I was standing far away from Nina and the rest. I didn't want to be close to them. The atmosphere seemed to be familiar. The tension,  the fear, the sadness and the pain. I wanted to get out of this place but I can't. I need to overcome with the fear.

I saw Nina and Michael crying. She couldn't control herself anymore. I could see myself in her, just like that time. Mum went over to her and calmed her down and decided to bring her out.

As soon as they went out, I decided to go out as well. Dad signalled me to go out as well. Maybe Michael needed some alone time.

I walked slowly out thinking of how would I confront her. I did a lot of wrong things with her and I feel like she has suffered because of me.

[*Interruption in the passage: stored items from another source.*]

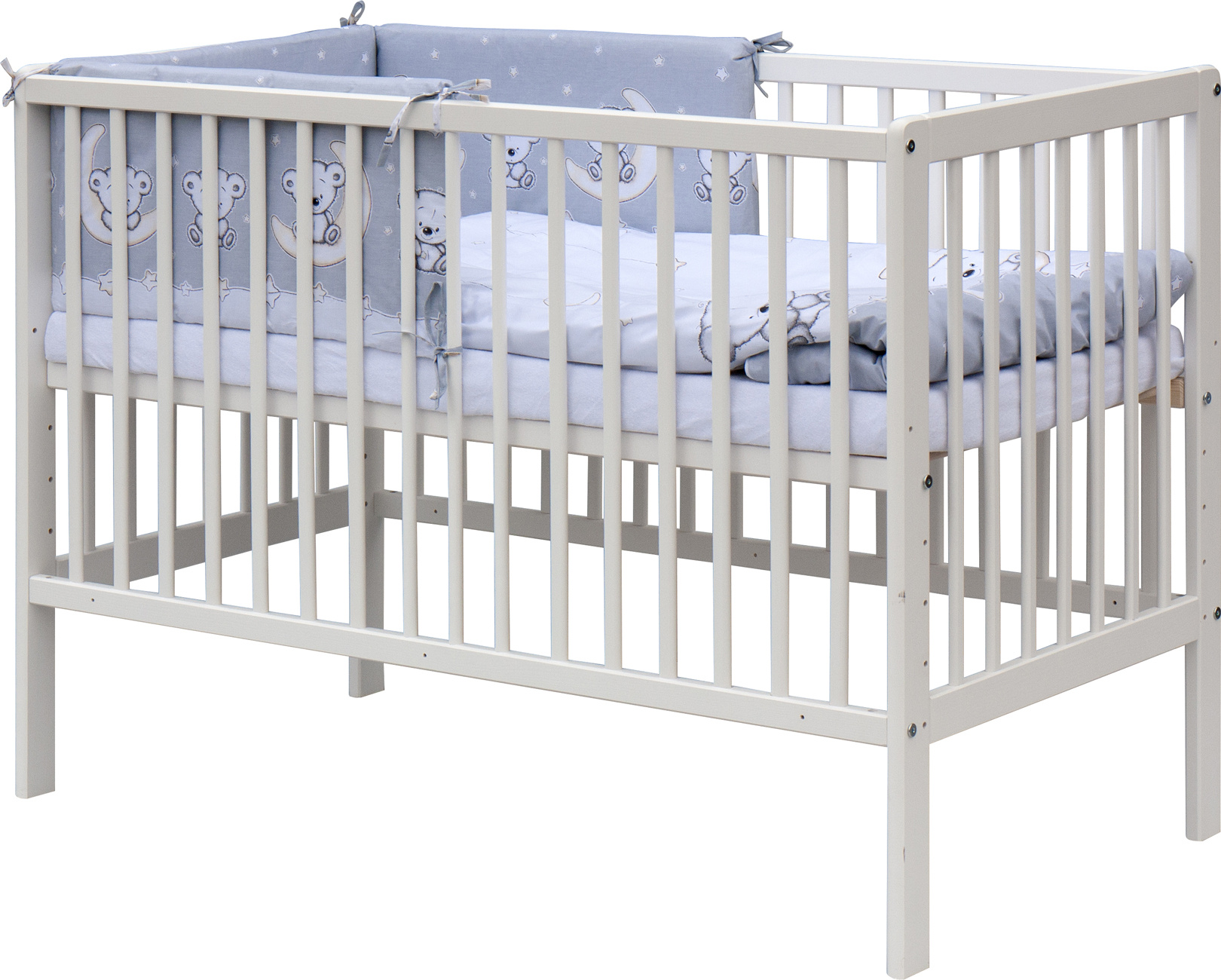 1. Dětská dřevěná postýlka 120 x 60 cm - bílá, masiv borovice, 3 vyndavací příčky, 5 poloh roštu, nohy postýlky jsou předvrtané pro nasazení koleček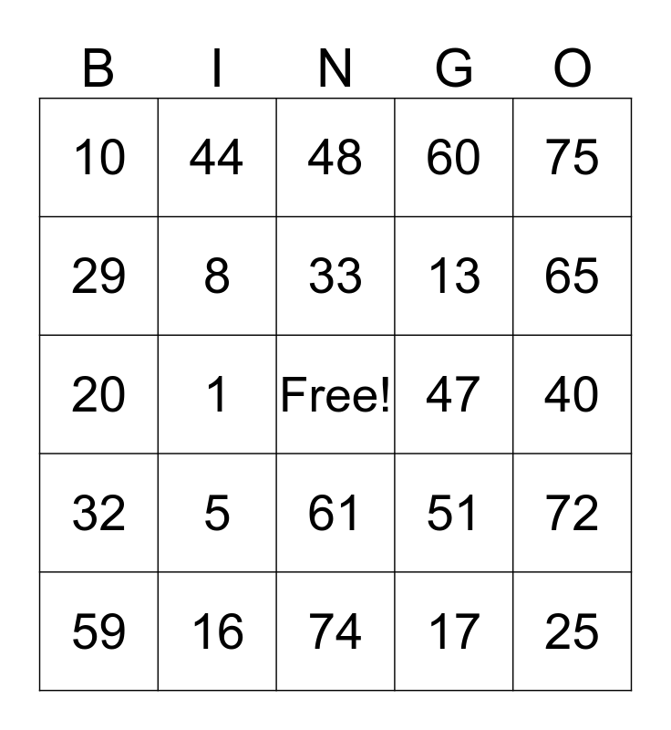 This bingo card has a free space and 24 words: 5, 16, 33, 59, 75, 10, 29, 44, 47, 61, 13, 20, 51, 72, 8, 17, 40, 48, 65, 1, 25, 32, 60 and 74.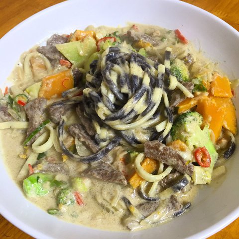 이사도 하고, 냉장고도 한번 싹 정리할겸 냉장고속 채소들 몽땅 꺼내 크림파스타를 해먹었어요. 면이 참 신기하죠!? 안토니오 마렐라에서 만든 파스타면이에요. 형형색색! 너무 예뻐서..해먹기 아깝지만..사온기념으로 한번 해보긴 해봤답니다!!!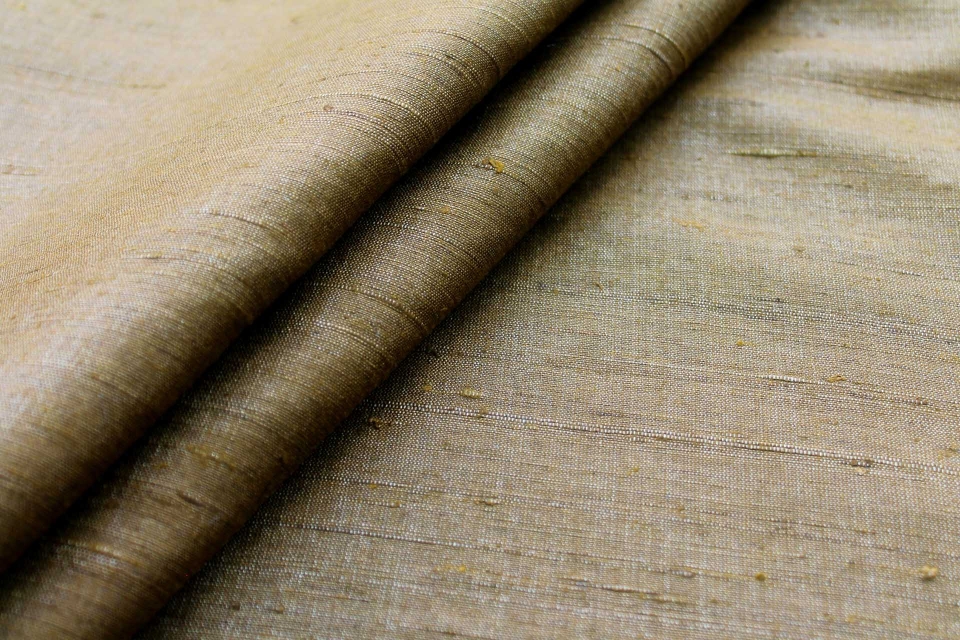 This is a beautifully textured silk tassar matka fabric with that "raw" appearance, woven with ivory thread with uneven finish, giving the classic characteristic of slub silk. It's firm but supple, with a slight dull sheen.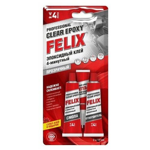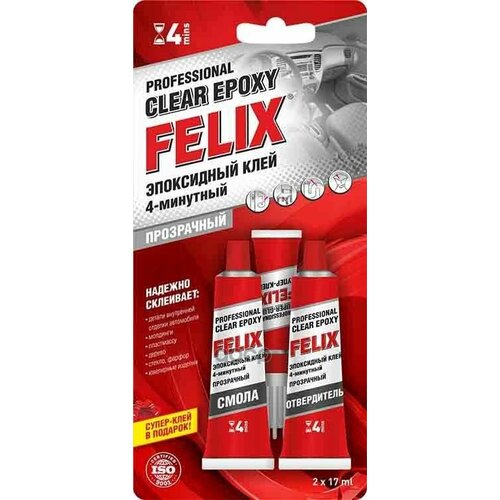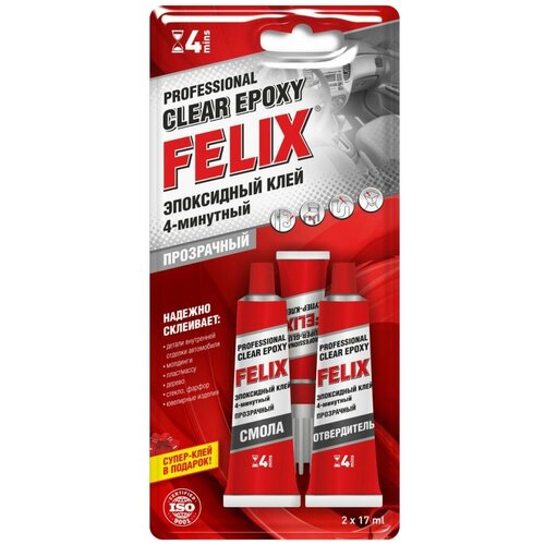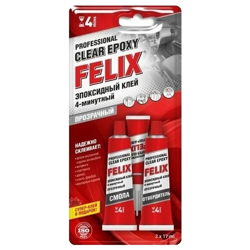 Клей эпоксидный профессиональный "FELIX" прозрачный (2 * 17мл)+ супер-клей 3 гр в подарок (Малазия)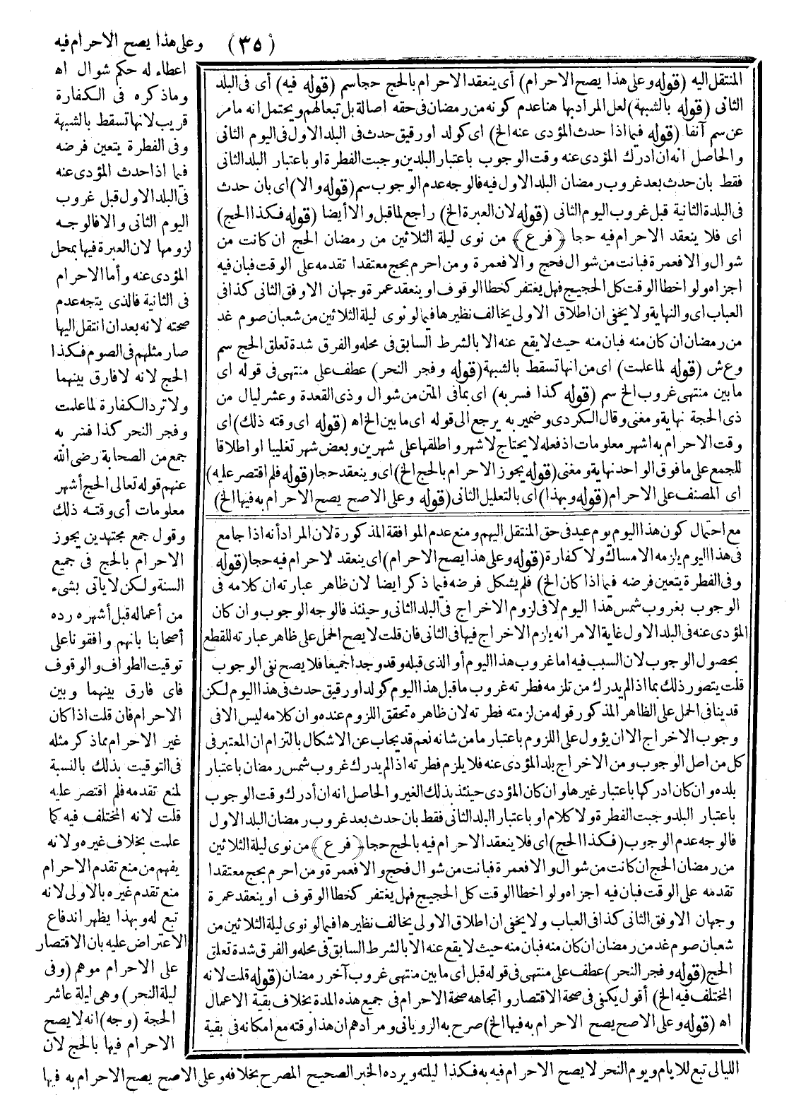 وَمَا ذَكَرَهُ فِي الْكَفَّارَةِ قَرِيبٌ؛ لِأَنَّهَا تَسْقُطُ بِالشُّبْهَةِ، وَفِي الْفِطْرَةِ يَتَعَيَّنُ فَرْضُهُ فِيمَا إذَا حَدَثَ الْمُؤَدَّى عَنْهُ فِي الْبَلَدِ الْأَوَّلِ قَبْلَ غُرُوبِ الْيَوْمِ الثَّانِي وَإِلَّا فَالْوَجْهُ لُزُومُهَا؛ لِأَنَّ الْعِبْرَةَ فِيهَا بِمَحَلِّ الْمُؤَدَّى عَنْهُ وَأَمَّا الْإِحْرَامُ فِي الثَّانِيَةِ فَاَلَّذِي يُتَّجَهُ عَدَمُ صِحَّتِهِ؛ لِأَنَّهُ بَعْدَ أَنْ انْتَقَلَ إلَيْهَا صَارَ مِثْلَهُمْ فِي الصَّوْمِ فَكَذَا الْحَجُّ؛ لِأَنَّهُ لَا فَارِقَ بَيْنَهُمَا وَلَا تَرِدُ الْكَفَّارَةُ لِمَا عَلِمْت، وَفَجْرِ النَّحْرِ كَذَا فَسَّرَ بِهِ جَمْعٌ مِنْ الصَّحَابَةِ - رَضِيَ اللَّهُ عَنْهُمْ - قَوْله تَعَالَى {الْحَجُّ أَشْهُرٌ مَعْلُومَاتٌ} [البقرة: 197] أَيْ وَقْتُهُ ذَلِكَ وَقَوْلُ جَمْعٍ مُجْتَهِدِينَ يَجُوزُ الْإِحْرَامُ بِالْحَجِّ فِي جَمِيعِ السَّنَةِ وَلَكِنْ لَا يَأْتِي بِشَيْءٍ مِنْ أَعْمَالِهِ قَبْلَ أَشْهُرِهِ رَدَّهُ أَصْحَابُنَا بِأَنَّهُمْ وَافَقُونَا عَلَى تَوْقِيتِ الطَّوَافِ وَالْوُقُوفِ فَأَيُّ فَارِقٍ بَيْنَهُمَا وَبَيْنَ الْإِحْرَامِ.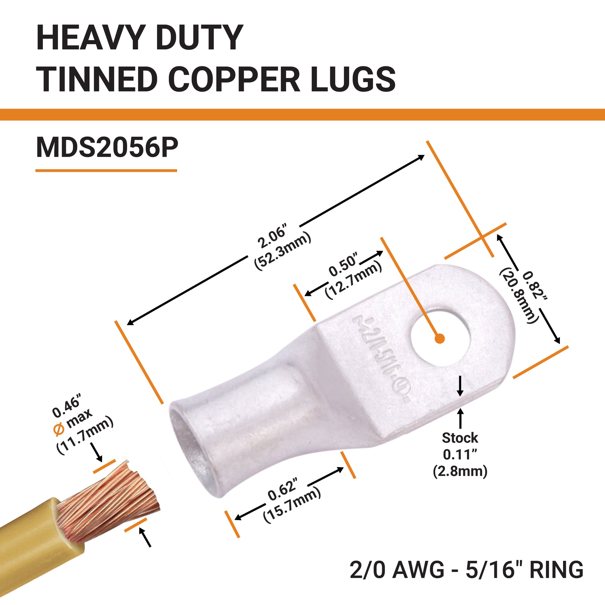 2/0 AWG (00 Gauge) 5/16" Stud, Tinned Copper Battery Cable Ends, Wire Lugs, Marine Grade, MD2056P

At that moment mum came to me. She stopped me there for a moment.

"Just keep an eye on her please. I need to go and complete some formalities.", mum patted my shoulder and walked away.

I saw Nina, sitting alone crying, still. What should I do. I walked slowly towards her, one step by one step.

I sat next to her and had a glance of her before turning back towards the front. She also gave a glance and tuned her head back. Maybe she doesn't want to talk to me. But I need to talk to her. I've been in her shoes before. I've experienced the same problem and I don't want her to ponder over the situation. We all do lose our love ones in our life someday, just like how I did. We just need to learn to move forward.

"I'm sorry.", I whispered in her ears.

She looked at me and I immediately took her hand. She looked shocked. I think I've hurt her ego. Who knows!